Memória de Peix(oto)

Peixoto de alcunha, José de primeiro nome; Galveias, de terra natal; e o mundo, como destino constante. José Luís Peixoto explora as letras, da mesma forma que percorre ruas de países, a oriente, ou a ocidente. Entre a poesia, a prosa, ou mesmo a literatura infantil, José Luís Peixoto tem dedicado a sua obra ao romance e 2012 foi o ano de estreia na literatura de viagem. Dentro do Segredo é o livro mais recente do escritor, que mergulha na ditadura norte-coreana.

De terras de Kim Jong-Un, até à Biblioteca Municipal Almeida Garrett, no Porto, o escritor trouxe consigo algumas memórias que partilhou com a audiência, numa sala com lotação (quase) esgotada. Nesta viagem de 85 minutos, a curiosidade pela procura foi o ponto de partida para justificar uma estada de três semanas no País onde a soberania e o culto do líder são vividos em níveis extremos. A intensidade do regime, das histórias partilhadas, da experiência do lugar, do conhecimento e das memórias que atravessaram a pele foram os pontos-chave para a apresentação da obra.

Das aldeias pequenas, sem carros, à gastronomia peculiar ou às roupas largas, dobradas cuidadosamente na ponta dos braços curtos e magros das crianças norte-coreanas, o escritor projectou a intensidade da viagem, sem vénias, ao auditório.
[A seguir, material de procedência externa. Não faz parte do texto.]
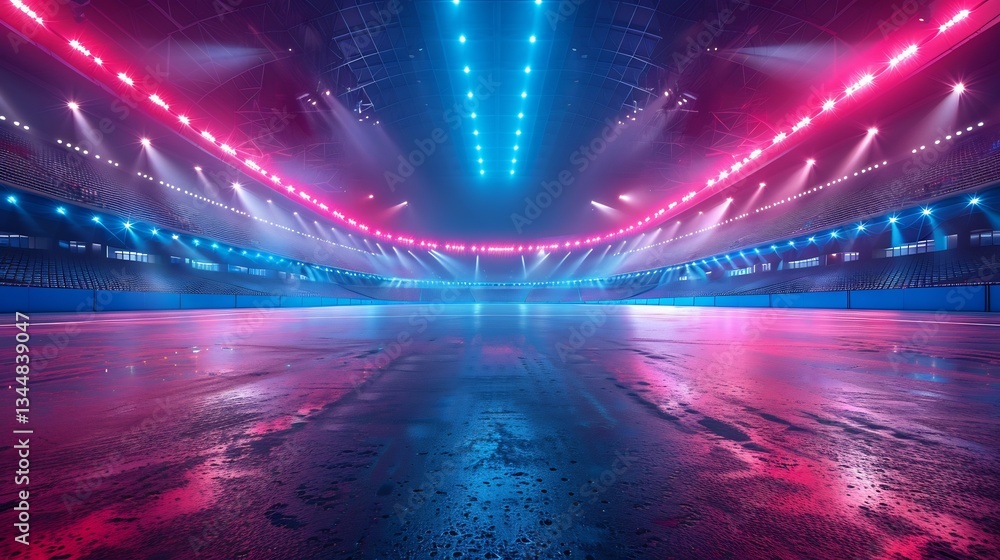 Plakat do Fitness Clubu - Dynamic sports arena blurred motion lights high energy composition and branding space #1344839047

Contou, ainda, como comer cão frito sabe melhor do que comer sopa de cão, como uma criança, numa aldeia do interior profundo, fez uma vénia ao carro onde o escritor seguia, ou mesmo como no avião o ensinaram a dobrar o jornal, sem dobrar a fotografia do líder, na capa.

Perante a atenção de um público curioso, falou-se da liberdade, comparada ao amor, do poder da descoberta, comparado às questões que nunca nos lembramos de colocar num regime democrático, e das ideias, que devem ser usadas quando florescem, para não cair no erro de as deixar envelhecer. Entre os campos de concentração e as centenas de mãos norte-coreanas que tratam da agricultura, a honra e o culto foram explicados, num diálogo que se abriu também às questões do auditório.

Ouvir uma história sobre a Coreia do Norte, ou viver esse lugar, são atmosferas que mal se tocam, mas que carregam um universo com sede de o experienciar. Entre a cortina de veludo pesada do auditório e a porta de saída da biblioteca também houve duas atmosferas que se uniram: a capacidade de mergulhar no oriente profundo e a vontade de ler as páginas onde José Luís Peixoto fala de apertos de mão a crianças curiosas, que nunca tinham visto um ocidental. A Coreia da Norte, essa “empresa” que fabrica e corrige constantemente todos os detalhes para ser a ditadura mais perfeita do mundo, está agora mais perto dos leitores e de todos os curiosos que queiram ser transportados até esse lugar.